5.3 Dynamics of The Ladder Score by Region

ladder_dynamics <- 
wh_all %>% 
  select(regional_indicator, life_ladder, year) %>% 
  filter (year == 2008 | year == 2020) %>% 
  group_by(regional_indicator, year) %>% 
  summarise_all(mean) %>% 
  pivot_wider(names_from = "year", values_from = "life_ladder") %>% 
  mutate(difference = round((`2020`-`2008`)/`2008`*100,1)) %>% 
  pivot_longer(cols=`2008`:`2020`, names_to = "year", values_to = "ladder")
ladder_dynamics %>% 
  ggplot(aes(x=factor(year),
             y = ladder,
             color = regional_indicator))+
  geom_line(aes(group = regional_indicator))+
  geom_point(alpha =0.8) +
  geom_text_repel(data = . %>%
                    filter(year == 2008),
                  aes(x = year, y = ladder, 
                      label = regional_indicator),
                  xlim = c(NA, 1),
                  ylim = c(0.1, NA),
                  size = 2.9)+
  geom_text(data = . %>% 
              filter (year == 2020),
            mapping = aes(x = year, y = ladder,
                          label = paste(difference,"%", sep="")),
            hjust = -.25, size = 3, fontface ="bold")+
  scale_color_manual( values = c( "#097168","#097168", "#097168", "#097168",  "#878787", 
                                "#878787", "#878787", "#097168", "#097168", "#878787" ))+
  ylab ("Average Ladder Score") +
  theme_minimal() +
  theme(legend.position = "none",
        axis.title.x  =element_blank())

Here we can see how each region’s average Ladder Score has changed. Middle East and North Africa, South Asia, North America and ANZ and Western Europe are the region which they have lower average 2020 Happiness score than they were in 2008.
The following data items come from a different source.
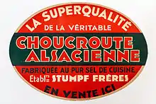 La choucroute [ ʃukʁut] (de l'allemand : das Sauerkraut [ˈzaʊ.ɐ.kʁaʊt] ; en alsacien : Sürkrüt) est un mets composé de chou coupé finement et transformé par lacto-fermentation dans une saumure, généralement accompagné de garniture.
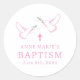 Dove and Christian cross baby girl baptism stickers in pink and white, ideal for guest favours.
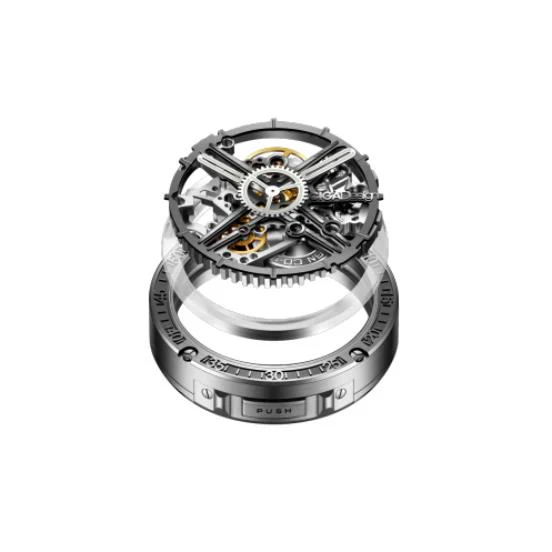 “在魔术表演中有一种‘悬浮术’,在一段时间里连现代超心理学家也无法破解这些漂浮现象,很有趣,假设能让机芯也悬浮于表壳之中,是否足以吸引眼球,使之呈现出大相径庭的视觉效果。”为了给用户带来“悬浮”的视觉体验,张建民先生采用了创新式的“悬浮式”机芯设计,利用三维结构的透明内罩,维护机芯稳定形态的同时,为用户呈现出宛如悬浮于空中的机械世界;并且在机芯外圈打造M系列独有的齿轮刻度,60个轮齿在保证基本的读时功能外,给用户带来机械艺术独有的造型体验及读时体验。
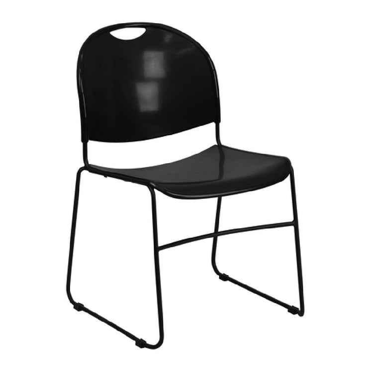 The Flash Furniture RUT-188-BK-GG Hercules Series Ultra Compact Stacking Chair is engineered to withstand a substantial load with its impressive 880 lb. weight capacity, making it an ideal choice for diverse environments. Its ergonomic design features a no-fade polypropylene seat and back, ensuring lasting color and comfort. A convenient carrying handle cutout enhances portability, while the textured seat offers additional comfort. The chair's supportive front cross brace and black powder-coated metal sled base frame, constructed from 12 x 1.8mm metal gauge, provide durability and stability. Designed for indoor and outdoor commercial use, it is equipped with plastic floor glides to protect surfaces. This chair's unique value lies in its ability to stack up to 35 chairs high, optimizing space in any setting. Available in black, it ships fully assembled, and in-stock items typically ship within 24 hours. The Hercules Series chair is an exceptional choice for hotels, conference centers, and educational institutions seeking reliable, space-efficient seating solutions.
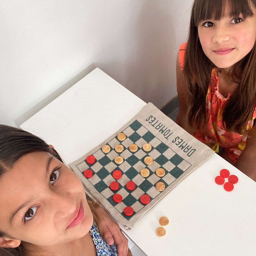 Au fait, savez-vous d’où vient le jeu de dames ? Les origines de ce très ancien jeu de société remontent au Moyen-Âge. D’après l’historien espagnol Josep Brunet, le jeu de dame médiéval est né de la transformation du jeu « Marelle de douze », un jeu espagnol très connu à l’époque et décrit par le roi Alphonse X de Castille dans le fameux Livre des jeux. Le jeu de dames médiéval était aussi à la croisée des chemins entre deux jeux classiques : le backgammon et les échecs. En effet, les pions rappelaient ceux du backgammon de l’époque et le plateau rappelait l’échiquier du jeu d’échec. Initialement, le plateau des jeux de dames comportait 64 cases (comme le damier de notre jeu Dames Tomates et comme les plateaux de jeu d’échecs) et non pas 100 cases, comme les versions plus courantes des dames françaises. Dames françaises à ne pas confondre avec le jeu de dames chinoises, un autre jeu classique qui se joue avec des billes de verre sur un plateau rond ou hexagonal sur lequel est dessiné un espace de jeu en forme d’étoile à six branches, et qui peut se jouer à deux ou trois joueurs. Devenus depuis des incontournables des jeux de société, les dames se présentent aujourd’hui fréquemment dans des coffrets multi-jeux pour les enfants, mais beaucoup plus souvent avec des pièces et un plateau en plastique plutôt qu’en bois de buis.
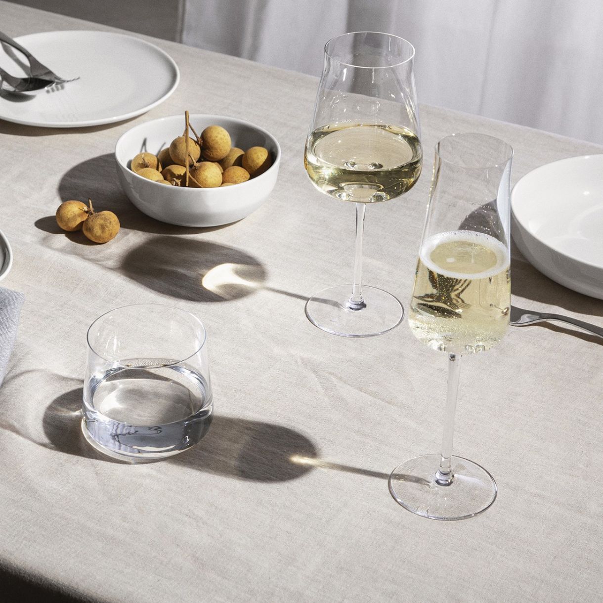 Това е изискана чаша не само визуално. Когато устните ви докоснат стъклото, можете да усетите, че ръбът се издига леко вертикално, прост, но уникален детайл. Това е „Donkaku“, термин на японски, който обозначава тъп ъгъл, избран от Наото Фукасава, за да характеризира всички елементи от колекцията.
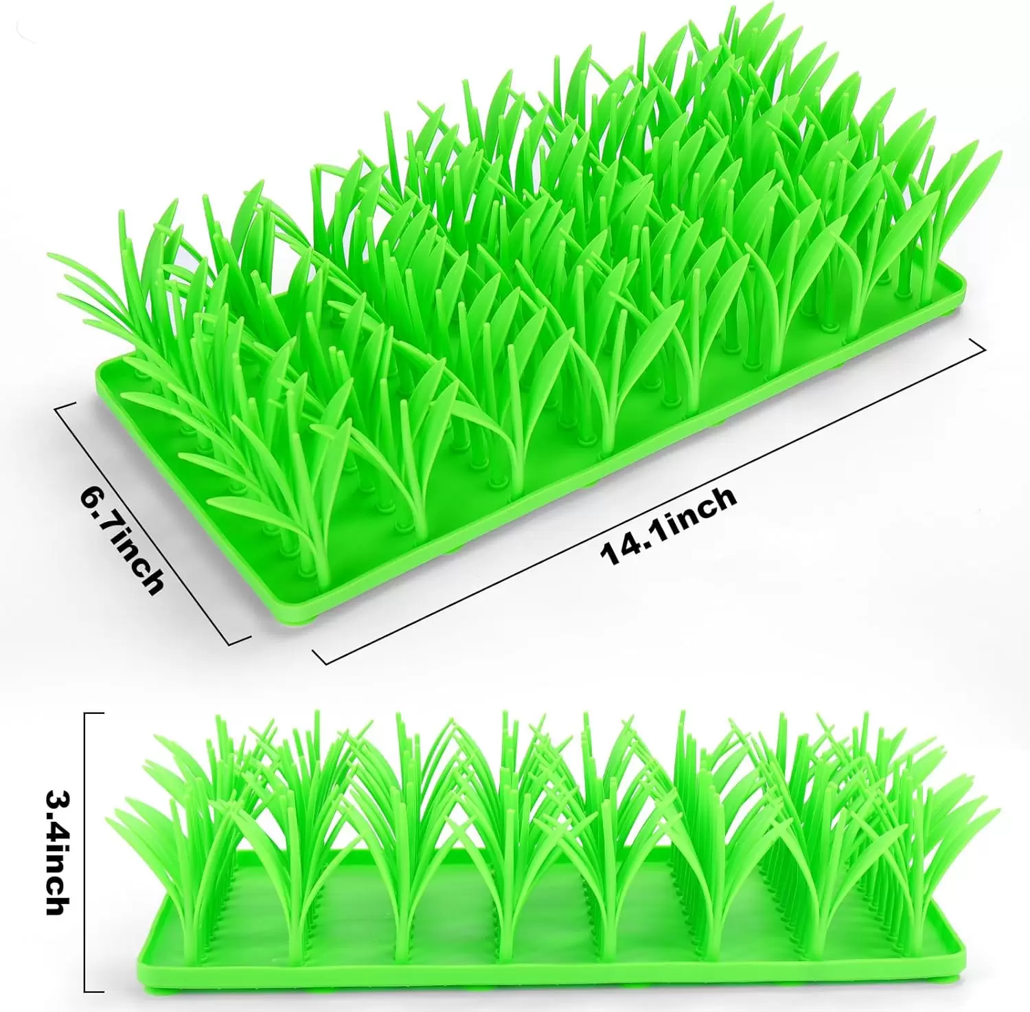 Tamaño: El tamaño de la alfombrilla de hierba de silicona es de 14.1 pulgadas de longitud, 6.7 pulgadas de ancho, 3.4 pulgadas de altura.
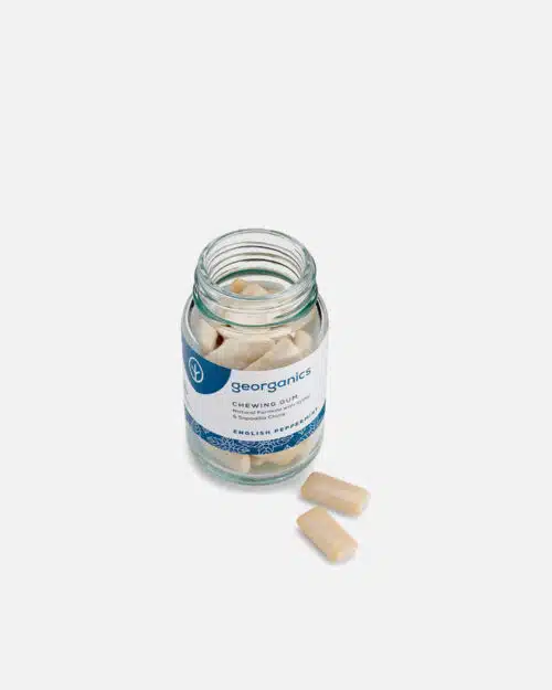 Lavet af komposterbar Sapodilla Chicle og arabisk gummi fra sapodilla- og akacietræerne, er disse naturlige tyggegummier smagsat med pebermynte og xylitol for en kølig og forfriskende mundfornemmelse. Vores tyggegummi giver friskhed til din ånde, samtidig med at det fjerner madrester og bakterier forbundet med dårlig ånde og huller i tænderne. Tyggegummiet producerer spyt, der skyller munden og vasker bakterier væk, hvilket beskytter tænderne mod bakteriesyre, der forårsager huller.
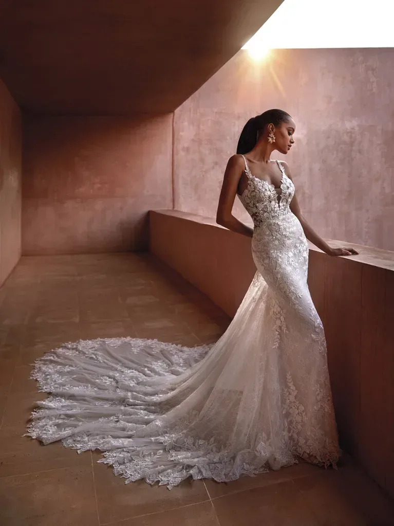 Show off your curves in the beautiful Seychelles gown. Spaghetti straps hold the plunging neckline bodice and the fit and flare dress design. The wow train is a sight to be seen, crafted in the delicate lace and embellishment throughout.
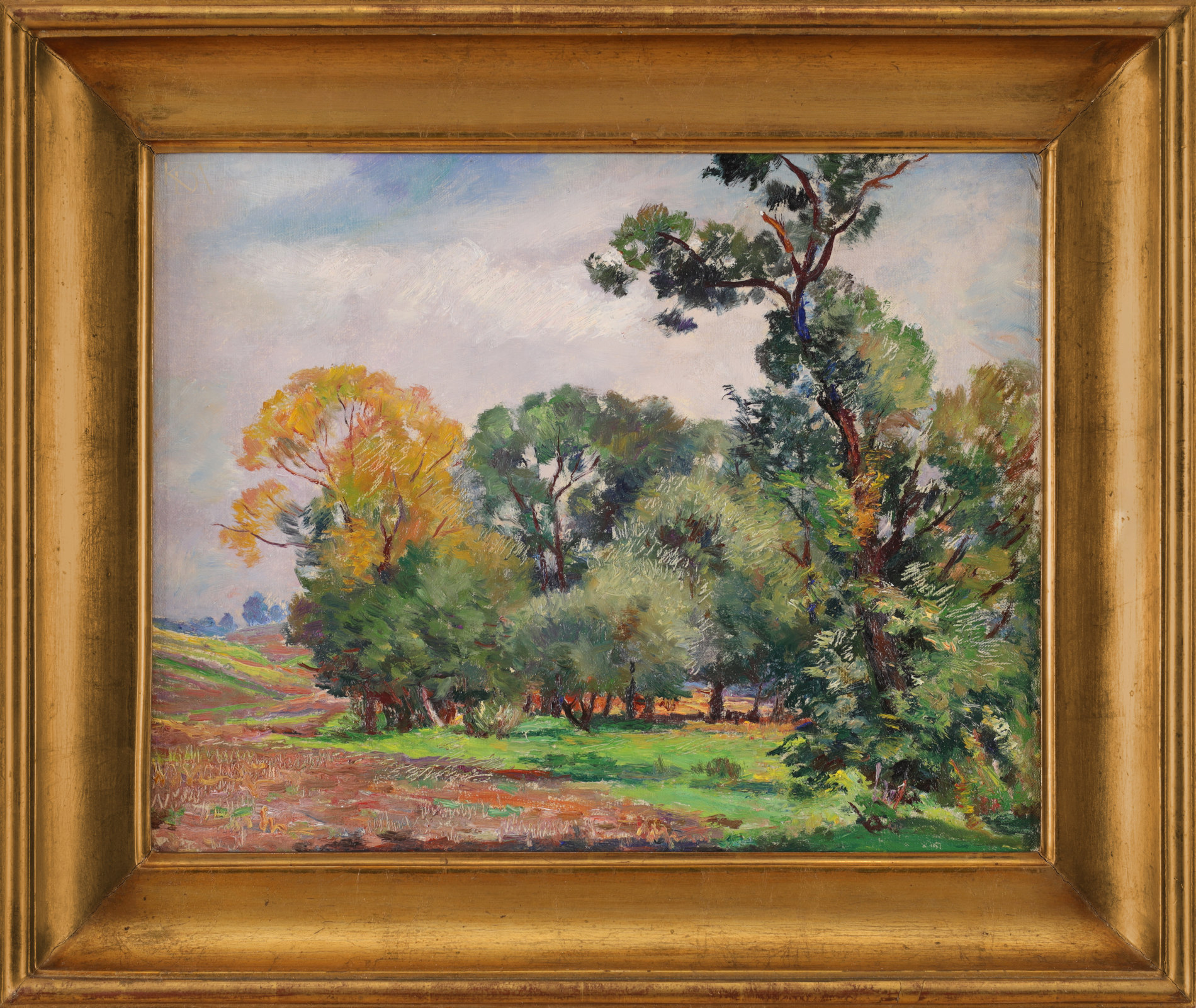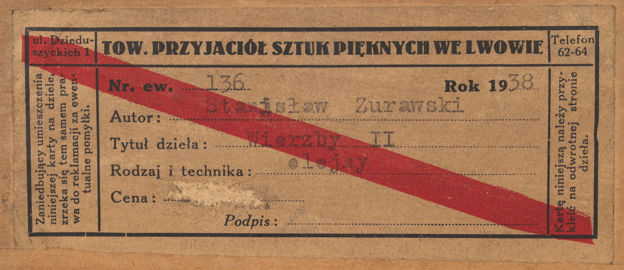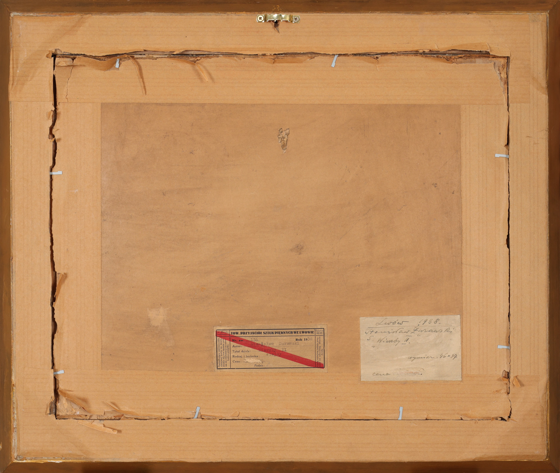 | Na odwrocie metka Towarzystwa Przyjaciół Sztuk Pięknych w Krakowie z 1938 roku oraz metka z odręcznym opisem obrazu. | |

6 Indonesia v. Southeast Asia

Since the writer is Indonesian citizen and curious how Indonesia’s happiness compares to the country/ nations around. So the next thing to do is to make a comparison between Indonesia’s own subcontinent, Southeast Asia.

sea <- 
  wh_all %>% 
  mutate(year = as.numeric(year)) %>% 
  filter(regional_indicator == "Southeast Asia",
         year >2007)%>% 
  group_by(year) %>% 
  mutate(yrrank = row_number(-life_ladder))
ggplot(sea, 
       aes(x=year, y = life_ladder, label = yrrank)) + 
  geom_point(aes(color = country), size =10) + 
  theme_minimal() +
  geom_line(aes(color = country)) + 
  scale_x_continuous(breaks = seq(2008,2020,1)) + 
  scale_y_continuous(breaks = seq(0,8,0.5)) + 
  geom_text(color = 'white', size =5) + 
  scale_color_manual(values = c("#e4d1a4", "#750000", "#41b6c4","#1d91c0", "#bcc98e",
                                "#7fcdbb","#253494","#081d58","#2a7a78")) +
  labs(title = "Indonesia v. Southeast Asia", 
     subtitle = "Ranking the Happiness Score of Southeast Asian Countries Across The Years",
     x = "", y = "Happiness Score") + 
  theme(plot.title = element_text(size = 30, face = "bold"),
        plot.subtitle = element_text(size = 15),
        axis.title = element_text(size= 15),
        axis.text = element_text(size = 15),
        legend.direction = "horizontal", 
        legend.position = "bottom",
        legend.title = element_blank(),
        panel.grid.minor = element_blank()
        )

We can see that, Indonesia, most of the times are in the middle rank. We can also say that Phillipines has consistently managed to improve their Happiness Score. They went from being the 7th in 2008, to become the top 3 in the last 5 years period (2016 - 2020).